== Data ==
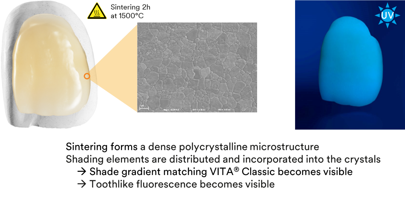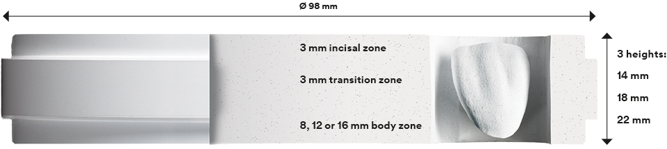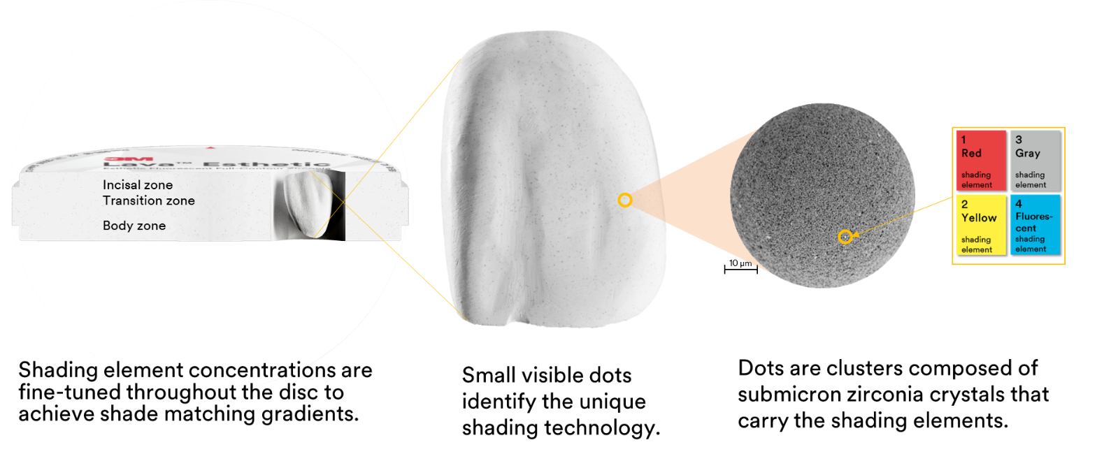 This means the zirconia blank, or puck, has shade gradients built into it to help attain correct shading with less technician time. Not all zirconias include this feature.
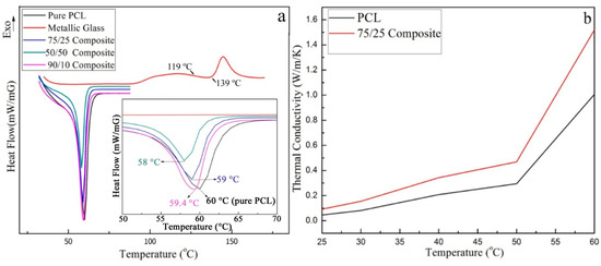 DSC thermographs for (a) Mg66Zn30Ca4 metallic glass, pure PCL, and different metallic glass/PCL composites; (b) thermal conductivity of the pure PCL and 75/25 composite samples. The melting points of the pure PCL and composites samples under higher magnification in the insert.
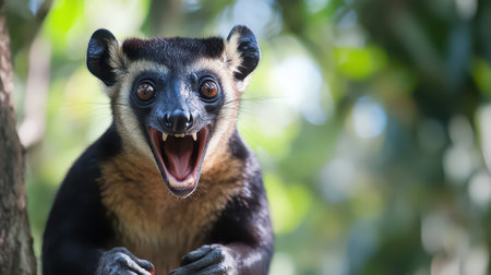 A close up view of a unique animal in a lush green environment showcasing its open mouth with a playful demeanor.
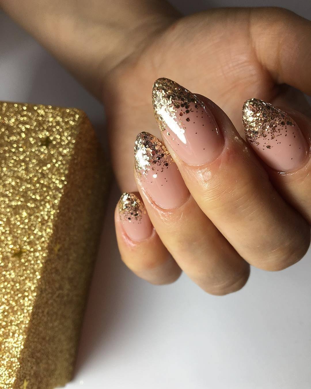 блестки на кончиках ногтей ложатся плотным слоем, постепенно пигмент становится более редким, а у основания полностью заканчивается;
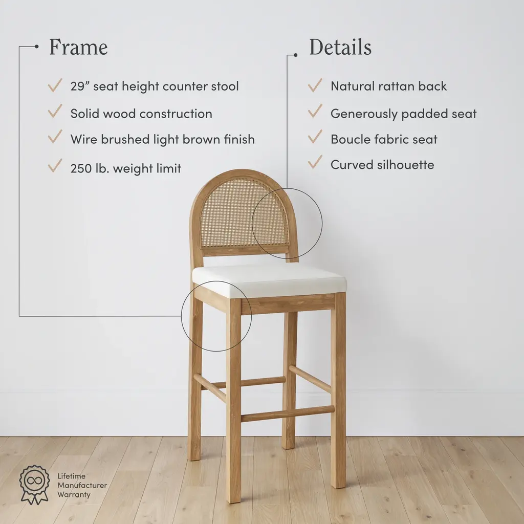 You don't need to be a Michelin star chef to have the kitchen of your dreams! This is where the Bailey bar stool comes in. It features a curved silhouette back made of woven natural rattan and is paired with a wire brushed light brown finish frame and bright boucle textured seat. Grab your favorite drink and sit for hours on the generously padded seat, while kicking your feet up on the durable foot rest. This mixed-material bar stool works in a variety of settings and is sure to bring warmth and comfort to your kitchen or dining room spaces.

== Exercise aim ==
Verbatim output, no pictures: the line holding "A close up view" and all lines after it through the last line of the material, with nothing else.

== Response for this exercise ==
 A close up view of a unique animal in a lush green environment showcasing its open mouth with a playful demeanor.
 блестки на кончиках ногтей ложатся плотным слоем, постепенно пигмент становится более редким, а у основания полностью заканчивается;
 You don't need to be a Michelin star chef to have the kitchen of your dreams! This is where the Bailey bar stool comes in. It features a curved silhouette back made of woven natural rattan and is paired with a wire brushed light brown finish frame and bright boucle textured seat. Grab your favorite drink and sit for hours on the generously padded seat, while kicking your feet up on the durable foot rest. This mixed-material bar stool works in a variety of settings and is sure to bring warmth and comfort to your kitchen or dining room spaces.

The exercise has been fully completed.